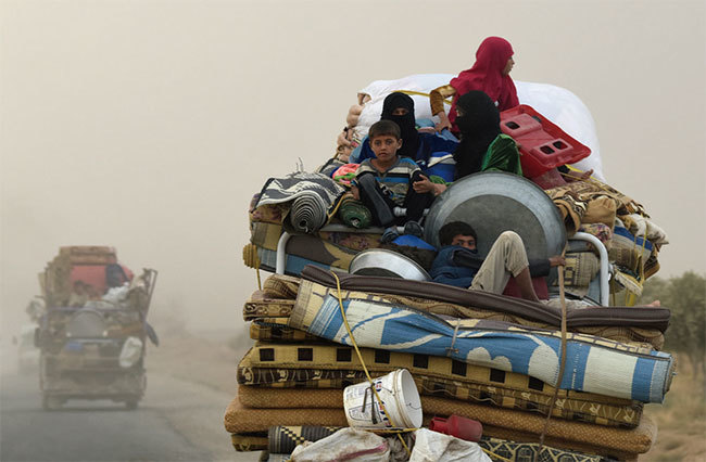 原本阿薩德政權倒臺指日可待,但因有俄羅斯、伊朗及中共支持而苟延殘喘至今,還鬧出ISIS。圖為敘國人民逃難。(AFP)
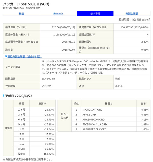 VOO(バンガード・S&P500ETF)の経費率&騰落率
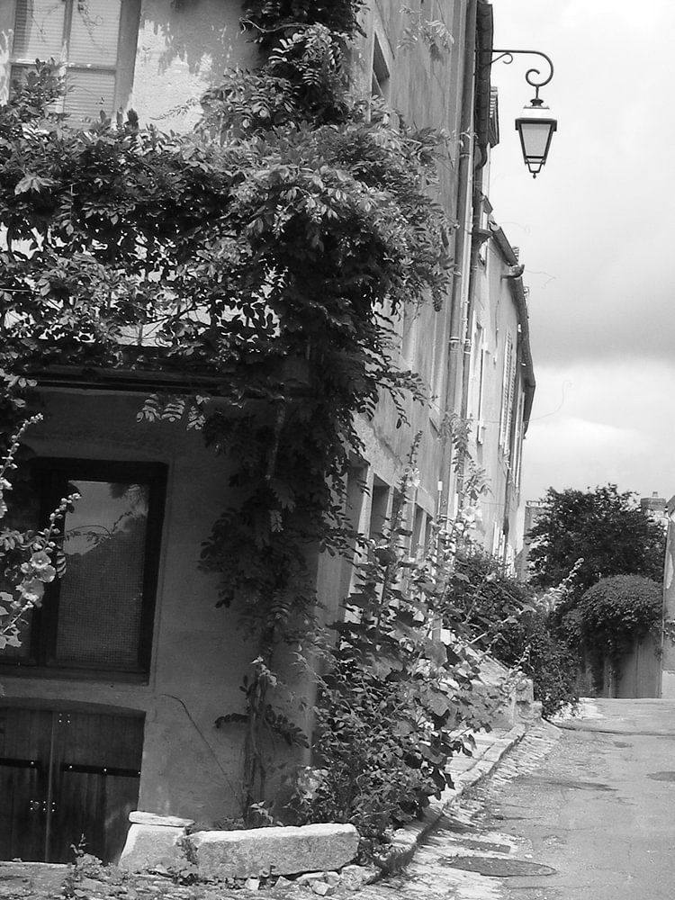 straatje op het platteland in Frankrijk zwart-wit, urban/street

═══

Please produce an exact copy of all the material, leaving out the pictures.

 原本阿薩德政權倒臺指日可待,但因有俄羅斯、伊朗及中共支持而苟延殘喘至今,還鬧出ISIS。圖為敘國人民逃難。(AFP)
 VOO(バンガード・S&P500ETF)の経費率&騰落率
 straatje op het platteland in Frankrijk zwart-wit, urban/street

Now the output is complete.